[GIVEN RECORDS — start]

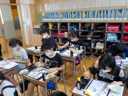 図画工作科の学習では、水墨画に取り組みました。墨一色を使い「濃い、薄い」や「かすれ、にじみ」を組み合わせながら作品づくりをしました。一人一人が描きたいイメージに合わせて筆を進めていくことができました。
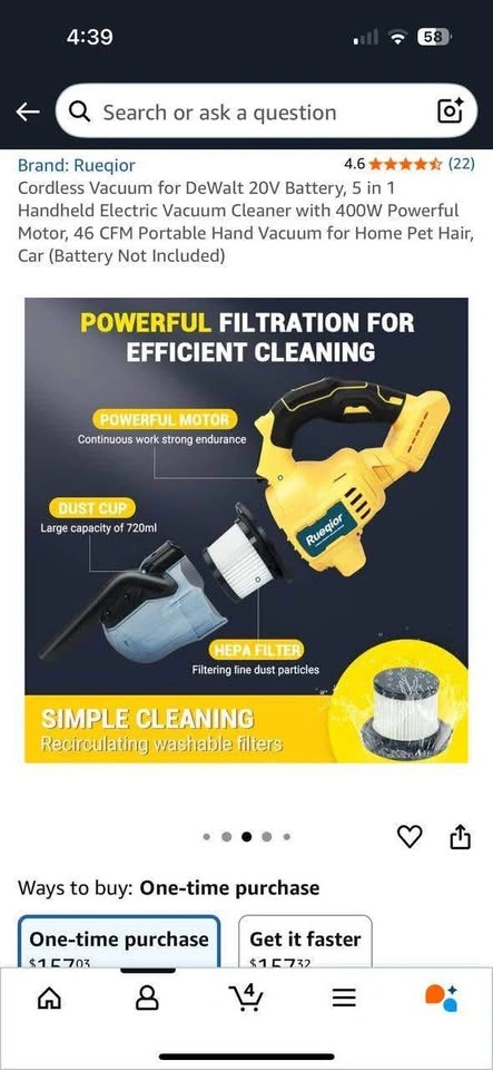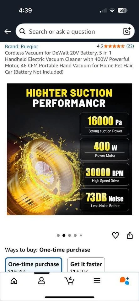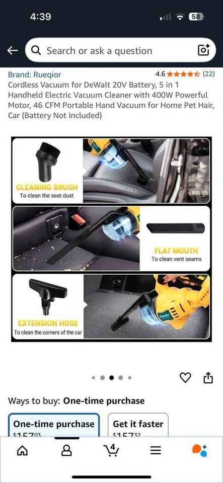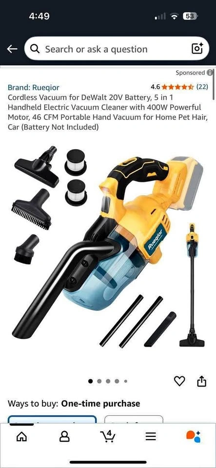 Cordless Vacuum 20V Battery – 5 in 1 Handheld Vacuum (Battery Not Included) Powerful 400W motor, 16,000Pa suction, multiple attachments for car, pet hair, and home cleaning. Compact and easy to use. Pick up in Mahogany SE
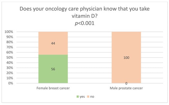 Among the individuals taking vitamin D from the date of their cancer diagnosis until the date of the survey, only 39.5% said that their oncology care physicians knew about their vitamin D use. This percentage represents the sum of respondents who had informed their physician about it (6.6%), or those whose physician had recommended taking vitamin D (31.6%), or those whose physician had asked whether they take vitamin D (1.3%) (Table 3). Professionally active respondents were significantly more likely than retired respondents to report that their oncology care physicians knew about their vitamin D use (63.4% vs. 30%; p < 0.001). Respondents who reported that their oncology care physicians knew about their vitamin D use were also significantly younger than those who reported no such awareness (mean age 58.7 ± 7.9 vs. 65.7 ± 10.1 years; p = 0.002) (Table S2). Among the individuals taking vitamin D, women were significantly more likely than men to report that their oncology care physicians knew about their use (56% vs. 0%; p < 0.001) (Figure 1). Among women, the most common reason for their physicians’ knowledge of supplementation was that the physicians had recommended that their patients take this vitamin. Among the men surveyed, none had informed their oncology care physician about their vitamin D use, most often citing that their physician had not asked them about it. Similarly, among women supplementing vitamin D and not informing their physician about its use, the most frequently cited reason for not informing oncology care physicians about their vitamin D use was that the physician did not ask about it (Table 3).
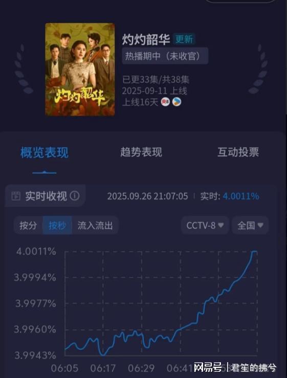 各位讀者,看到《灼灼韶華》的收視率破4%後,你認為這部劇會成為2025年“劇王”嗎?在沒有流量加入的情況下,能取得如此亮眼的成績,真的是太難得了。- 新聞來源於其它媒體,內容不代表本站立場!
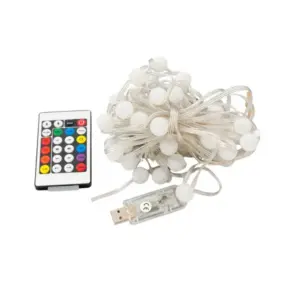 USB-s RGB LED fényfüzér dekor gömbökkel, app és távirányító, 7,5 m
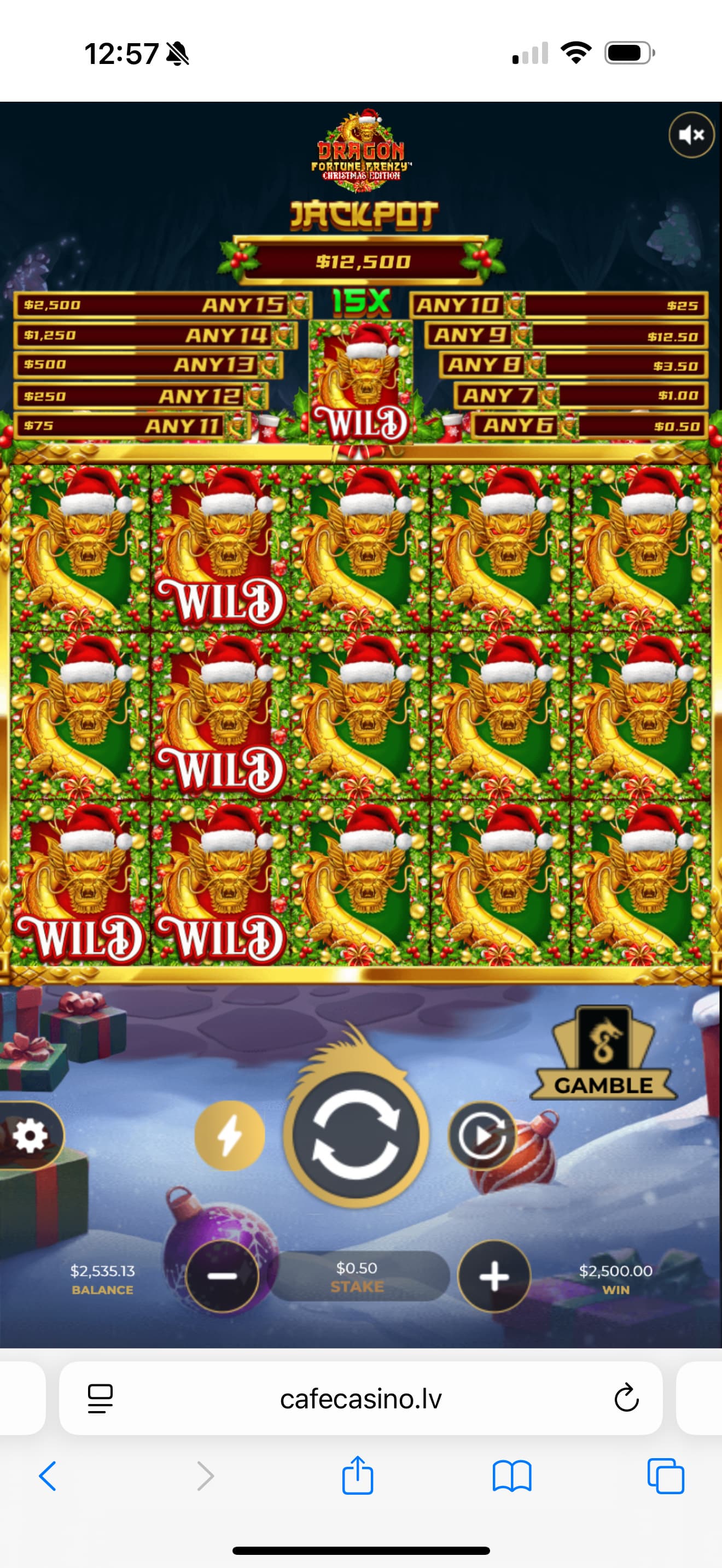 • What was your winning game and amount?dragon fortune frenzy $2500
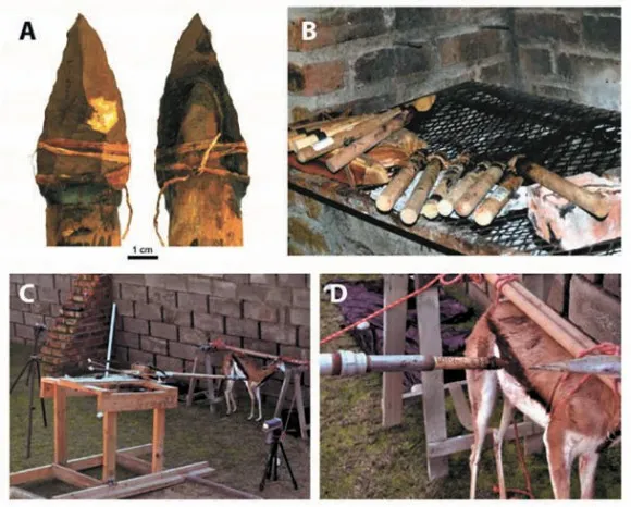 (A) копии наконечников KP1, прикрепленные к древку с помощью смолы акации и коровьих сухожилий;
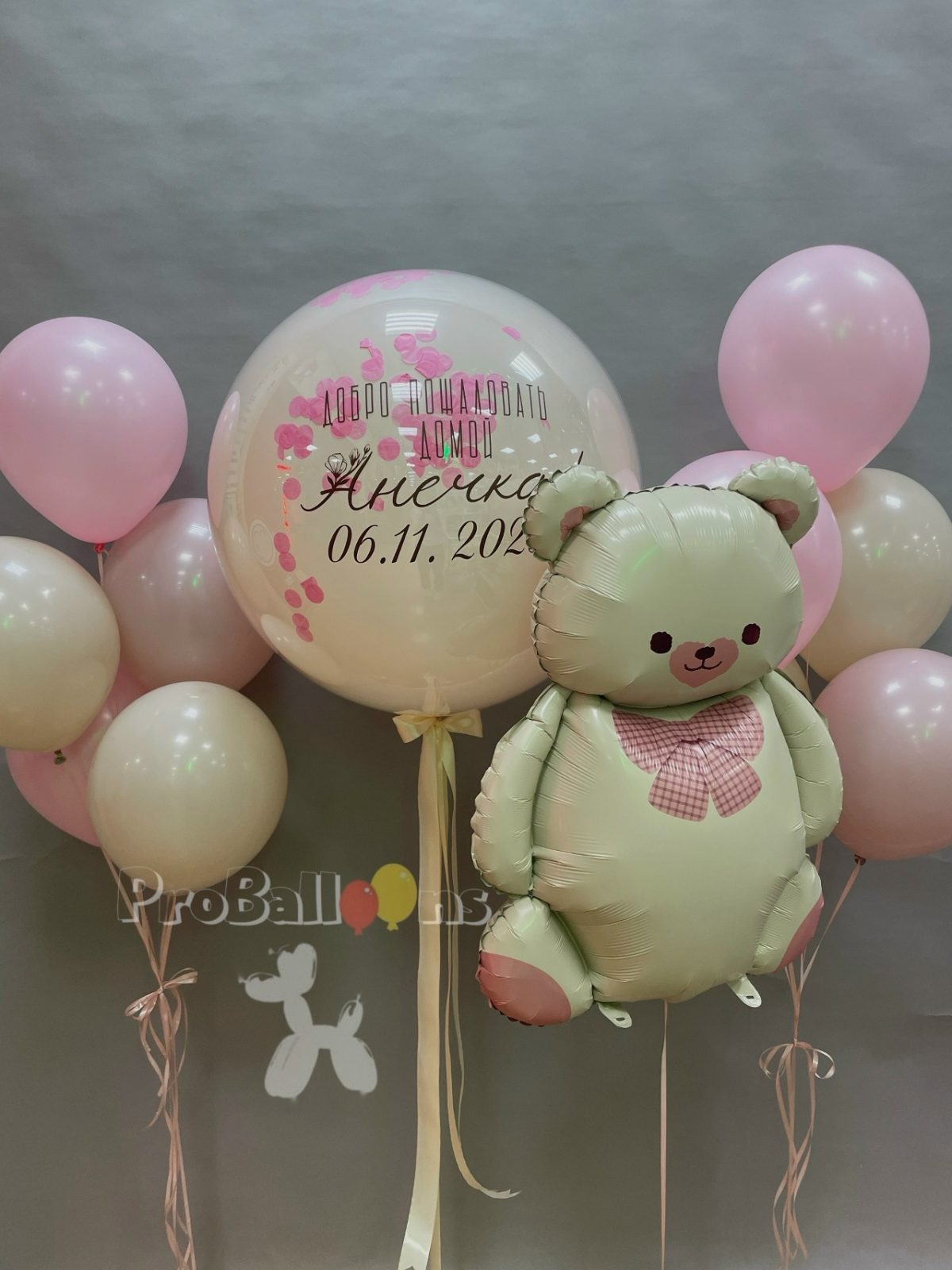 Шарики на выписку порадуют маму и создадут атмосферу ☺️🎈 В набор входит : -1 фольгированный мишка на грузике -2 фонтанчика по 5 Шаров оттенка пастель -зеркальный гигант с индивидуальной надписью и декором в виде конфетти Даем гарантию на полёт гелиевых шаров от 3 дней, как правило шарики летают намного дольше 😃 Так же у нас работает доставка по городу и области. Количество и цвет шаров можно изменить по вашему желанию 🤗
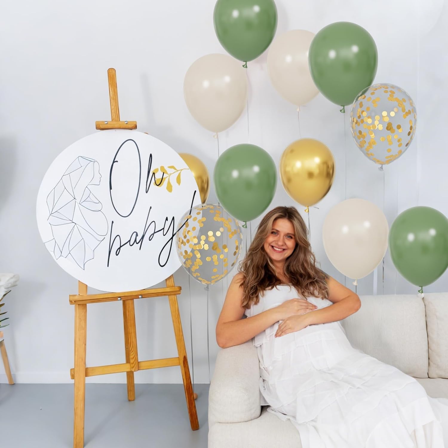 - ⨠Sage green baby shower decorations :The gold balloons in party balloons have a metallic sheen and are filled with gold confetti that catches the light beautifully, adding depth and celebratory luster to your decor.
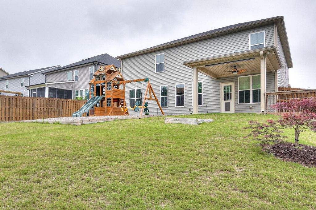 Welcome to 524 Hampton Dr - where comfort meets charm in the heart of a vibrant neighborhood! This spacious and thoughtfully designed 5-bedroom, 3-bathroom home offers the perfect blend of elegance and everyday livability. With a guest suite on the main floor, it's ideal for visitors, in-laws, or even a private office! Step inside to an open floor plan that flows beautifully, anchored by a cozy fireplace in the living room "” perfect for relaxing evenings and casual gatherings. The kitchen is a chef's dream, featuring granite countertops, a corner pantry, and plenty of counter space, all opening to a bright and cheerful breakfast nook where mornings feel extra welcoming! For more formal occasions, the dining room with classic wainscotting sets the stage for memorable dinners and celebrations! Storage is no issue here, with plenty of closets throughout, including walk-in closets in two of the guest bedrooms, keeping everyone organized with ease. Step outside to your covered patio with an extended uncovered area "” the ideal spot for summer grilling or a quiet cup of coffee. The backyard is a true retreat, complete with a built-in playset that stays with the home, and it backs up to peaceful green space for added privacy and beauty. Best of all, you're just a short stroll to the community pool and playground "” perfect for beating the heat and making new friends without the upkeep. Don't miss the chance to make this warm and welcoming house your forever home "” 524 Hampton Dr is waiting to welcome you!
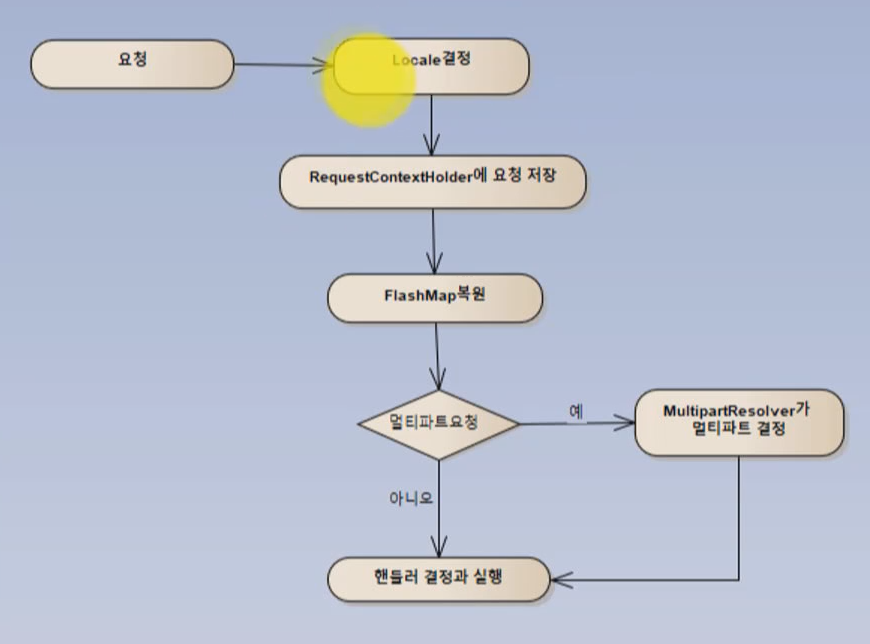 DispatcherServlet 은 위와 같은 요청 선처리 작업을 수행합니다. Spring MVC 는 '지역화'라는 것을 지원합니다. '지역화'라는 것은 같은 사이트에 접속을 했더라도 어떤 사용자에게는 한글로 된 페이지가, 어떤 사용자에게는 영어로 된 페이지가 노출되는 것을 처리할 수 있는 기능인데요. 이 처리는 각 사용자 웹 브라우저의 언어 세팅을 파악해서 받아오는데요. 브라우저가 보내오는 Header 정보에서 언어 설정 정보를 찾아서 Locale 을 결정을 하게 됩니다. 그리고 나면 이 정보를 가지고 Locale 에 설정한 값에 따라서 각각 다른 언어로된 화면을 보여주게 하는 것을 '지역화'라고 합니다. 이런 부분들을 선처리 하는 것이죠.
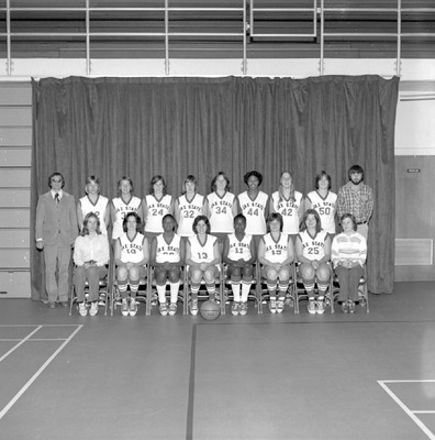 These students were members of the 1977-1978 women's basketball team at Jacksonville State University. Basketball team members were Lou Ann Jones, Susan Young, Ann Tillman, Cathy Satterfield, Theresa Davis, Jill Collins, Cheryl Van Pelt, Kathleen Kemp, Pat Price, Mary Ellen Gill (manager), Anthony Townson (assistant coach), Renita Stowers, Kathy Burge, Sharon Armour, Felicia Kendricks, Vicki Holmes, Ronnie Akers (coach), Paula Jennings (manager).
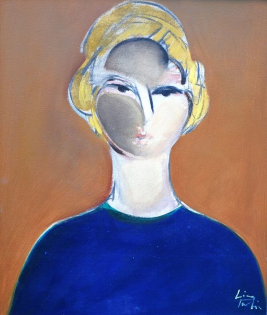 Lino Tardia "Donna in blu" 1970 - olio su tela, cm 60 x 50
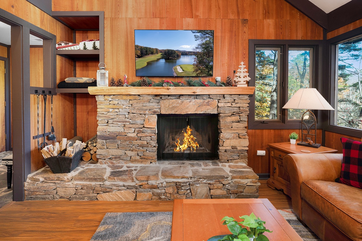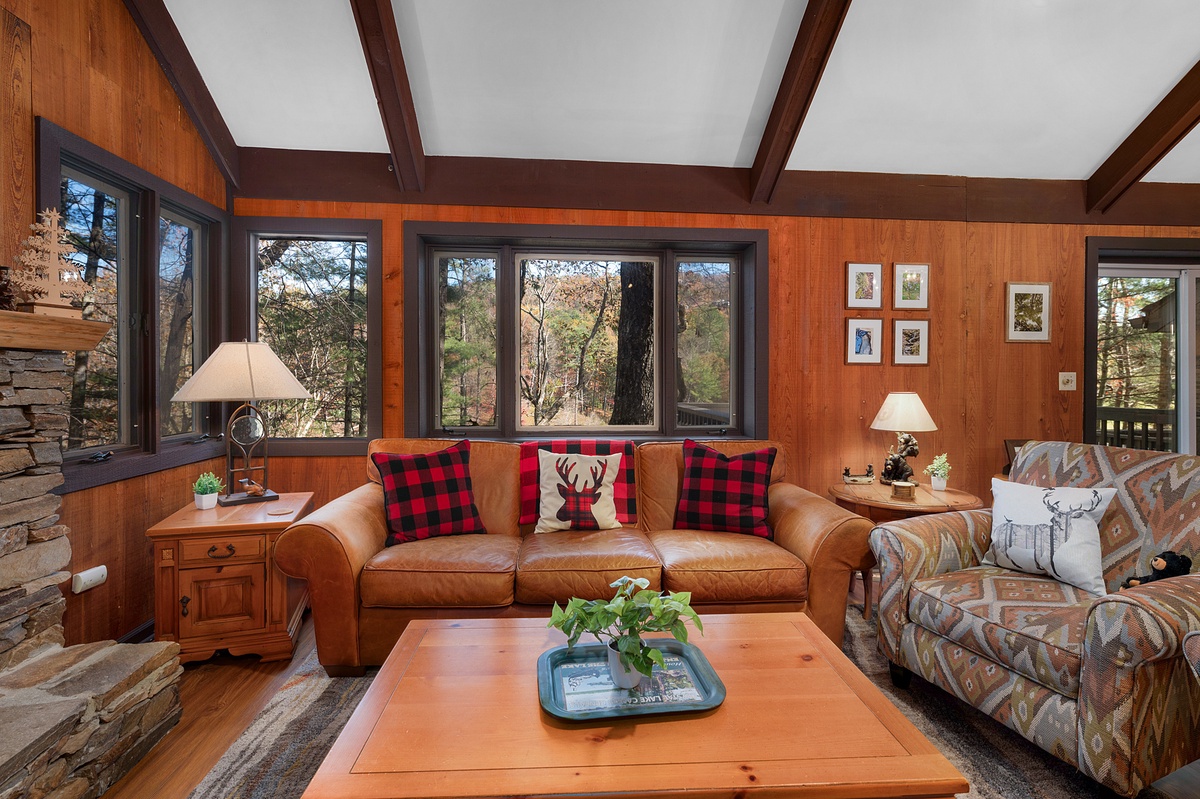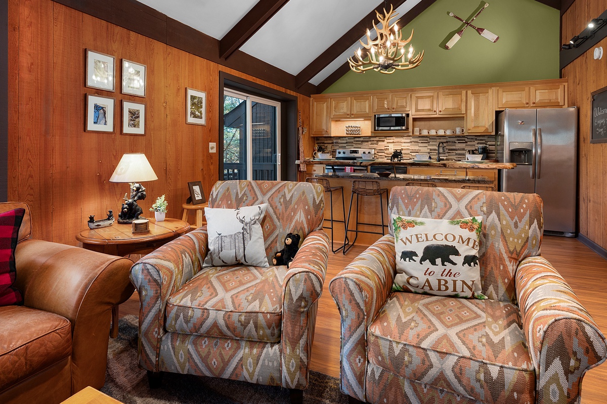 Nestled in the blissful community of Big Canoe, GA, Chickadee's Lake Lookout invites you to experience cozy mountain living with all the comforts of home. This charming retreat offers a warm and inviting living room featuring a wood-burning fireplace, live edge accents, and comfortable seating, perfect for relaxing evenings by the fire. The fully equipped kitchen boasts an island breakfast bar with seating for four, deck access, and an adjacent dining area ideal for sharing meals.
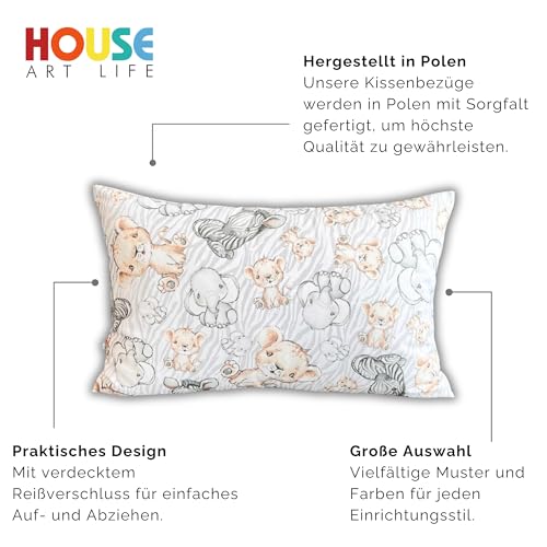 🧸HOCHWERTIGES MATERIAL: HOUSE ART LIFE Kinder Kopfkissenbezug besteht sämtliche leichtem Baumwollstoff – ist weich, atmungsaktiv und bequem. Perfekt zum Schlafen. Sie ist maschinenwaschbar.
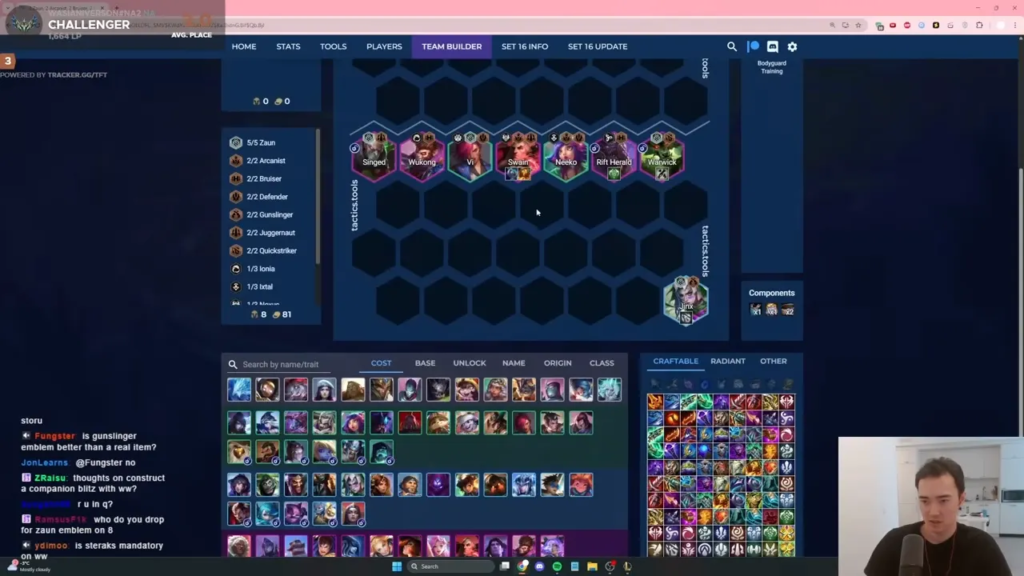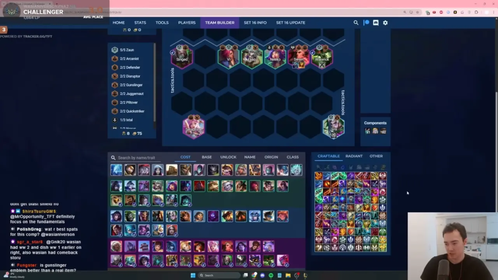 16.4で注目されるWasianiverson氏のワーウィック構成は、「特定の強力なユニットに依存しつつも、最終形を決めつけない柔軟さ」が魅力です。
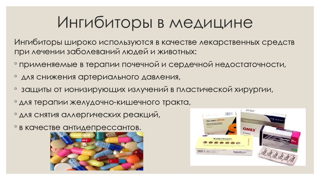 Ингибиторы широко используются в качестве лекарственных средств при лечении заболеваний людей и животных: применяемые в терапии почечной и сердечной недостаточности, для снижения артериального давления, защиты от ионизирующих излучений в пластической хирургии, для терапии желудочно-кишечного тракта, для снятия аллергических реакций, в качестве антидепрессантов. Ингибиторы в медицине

[GIVEN RECORDS — finish]

Reproduce exactly the lines from the one with "tela, cm 60 x 50" to the bottom of the listing, both ends included, and nothing else. Skip the pictures.

→ **WRITTEN RESPONSE**
 Lino Tardia "Donna in blu" 1970 - olio su tela, cm 60 x 50
 Nestled in the blissful community of Big Canoe, GA, Chickadee's Lake Lookout invites you to experience cozy mountain living with all the comforts of home. This charming retreat offers a warm and inviting living room featuring a wood-burning fireplace, live edge accents, and comfortable seating, perfect for relaxing evenings by the fire. The fully equipped kitchen boasts an island breakfast bar with seating for four, deck access, and an adjacent dining area ideal for sharing meals.
 🧸HOCHWERTIGES MATERIAL: HOUSE ART LIFE Kinder Kopfkissenbezug besteht sämtliche leichtem Baumwollstoff – ist weich, atmungsaktiv und bequem. Perfekt zum Schlafen. Sie ist maschinenwaschbar.
 16.4で注目されるWasianiverson氏のワーウィック構成は、「特定の強力なユニットに依存しつつも、最終形を決めつけない柔軟さ」が魅力です。
 Ингибиторы широко используются в качестве лекарственных средств при лечении заболеваний людей и животных: применяемые в терапии почечной и сердечной недостаточности, для снижения артериального давления, защиты от ионизирующих излучений в пластической хирургии, для терапии желудочно-кишечного тракта, для снятия аллергических реакций, в качестве антидепрессантов. Ингибиторы в медицине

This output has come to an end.